因みに、空鳴市創立から自動で生産を続けているタバコ工場だが、その生産ラインナップには1から5までの等級がある。違いは含有するタールの量であり、要するに5号は最も吸いごたえが強く、それ故に人を選ぶタバコとなっている。
「……で、足柄紡の方は?」
「ん……一応、怨恨の線から彼女と親しかった人物のリストを作成した。担当刑事の五十嵐さんの方は、彼女の端末の履歴から最近不審な出来事が無かったか調べているみたいだ」
「問題はドローンの方だな。原因不明の濃霧は、ドローンの問題か、それとも天候管理局の仕業か」
賢木は顎に手を当てて考える仕草をする。確かに、死体発見を遅らせたあの濃霧の正体を突き止めなければ今回の事件の解決の糸口は見つからないだろう。
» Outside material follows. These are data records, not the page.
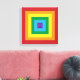 Este design consiste em 6 quadrados coloridos arco-íris dentro aninhados um ao outro. As cores de fora para o centro são: vermelho, laranja, amarelo, verde, azul e roxo. Também pode ser vista como uma pirâmide ou pirâmide invertida, a cor púrpura do centro que dá efeito de profundidade. Ele vai parecer excelente na sua canvas e vai adicionar um toque original contemporâneo à sua decoração. O quadrado central tem um monograma inicial personalizável impresso em uma fonte branca moderna. Substitua o inicial padrão pelo seu ou sinta-se à vontade para excluí-lo. Este design é amigo do LGBTQ+.
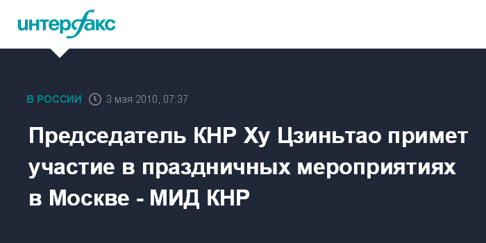 "По приглашению президента РФ Дмитрия Медведева, председатель КНР Ху Цзиньтао с 8 по 9 мая 2010 года примет участие в праздничных мероприятиях в Москве по случаю 65-й годовщины победы в Великой Отечественной войне", - сообщила официальный представитель МИД КНР Цзян Юй.
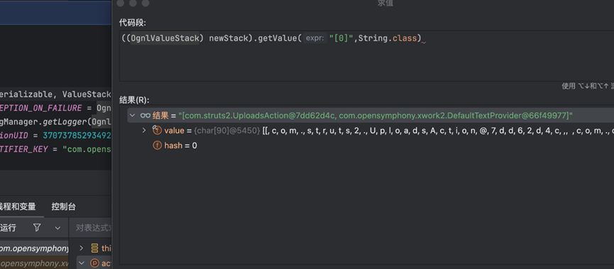 在Struts2中默认的实现为OgnlValueStack,Struts2在执行一次请求的过程中会把当前的Action对象自动存入值栈中,我们可以使用[0]获取整个栈对象,为方便显示转换为String对象,调用其 toString()方法输出对象信息,可以看到栈顶元素即为我们的Action对象。
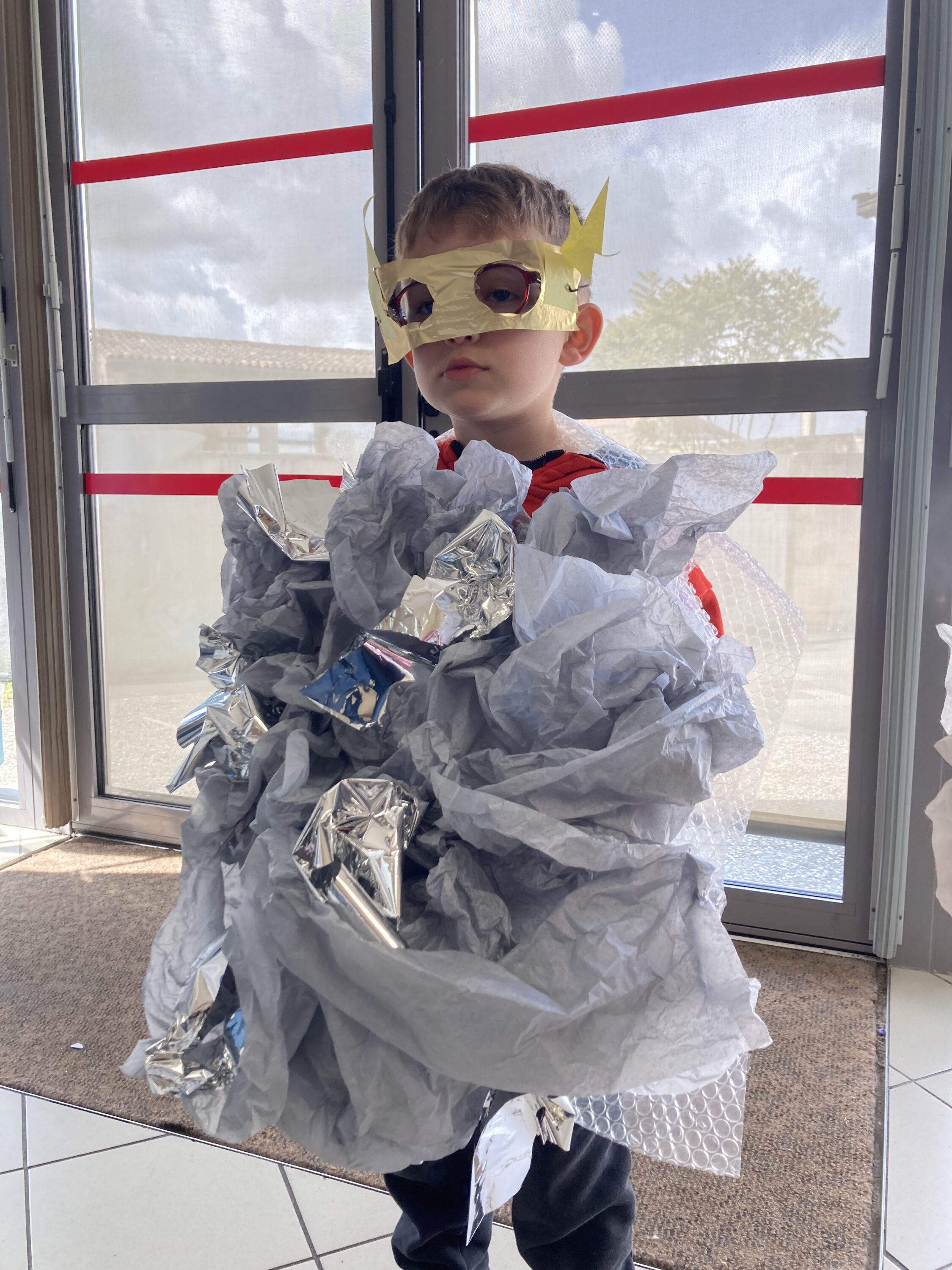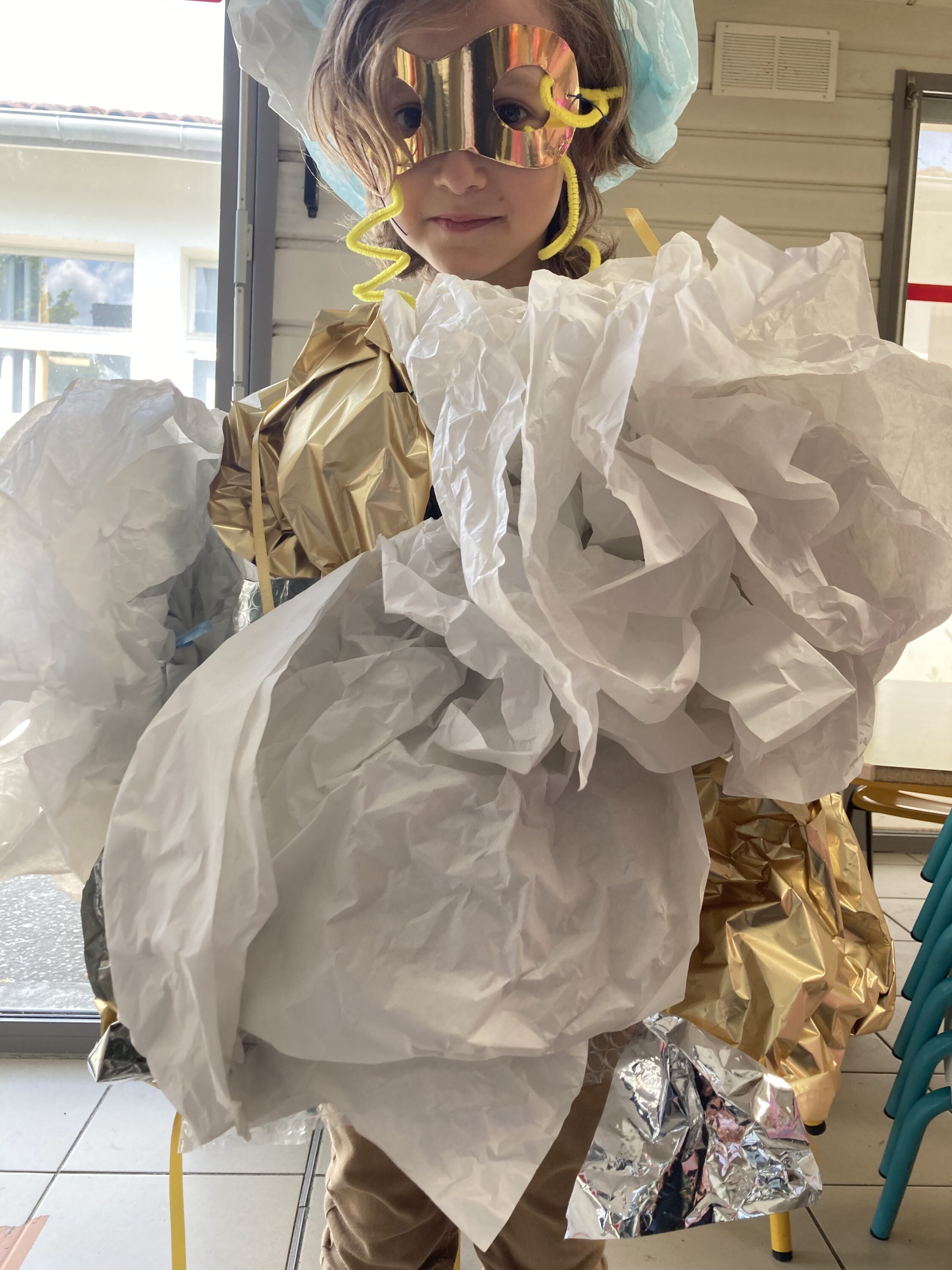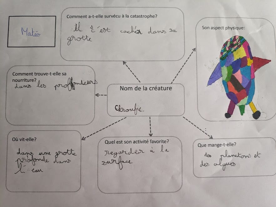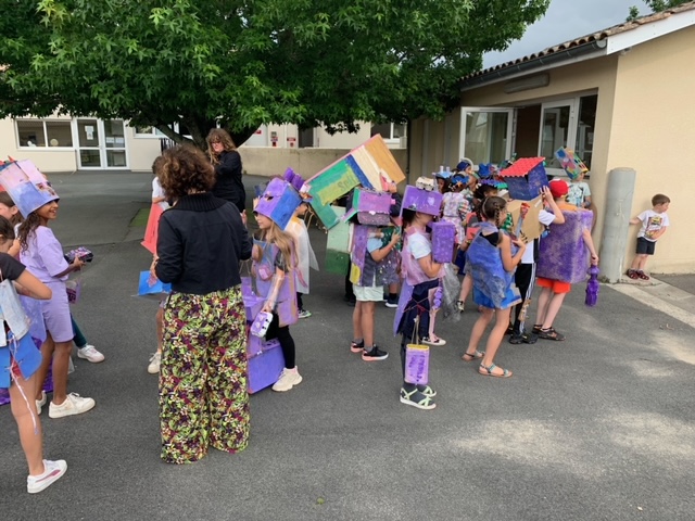 Carte postale et défilé conté des créatures dans la cours de récré.

「市長選挙に新市街調査、それから殺人事件……。随分とやることが増えちまったな」
「なに、護民官事務所としてはやるべき事が多いのは良いことだよ。さて、そろそろ事務所に戻ろうじゃ無いか。市議会で今回の新市街発見の件について、あと3時間程度で臨時会議が行われる筈だ。友永氏の会議結果報告を待とうじゃないか」
賢木はそう言うと、持っていたハンドバッグから、5号タバコの箱を取り出すと、慰霊碑の前に置いた。
どうやら、元からここに立ち寄る気だったらしい。でなければ、供え物なんて事前に用意する筈はないだろう。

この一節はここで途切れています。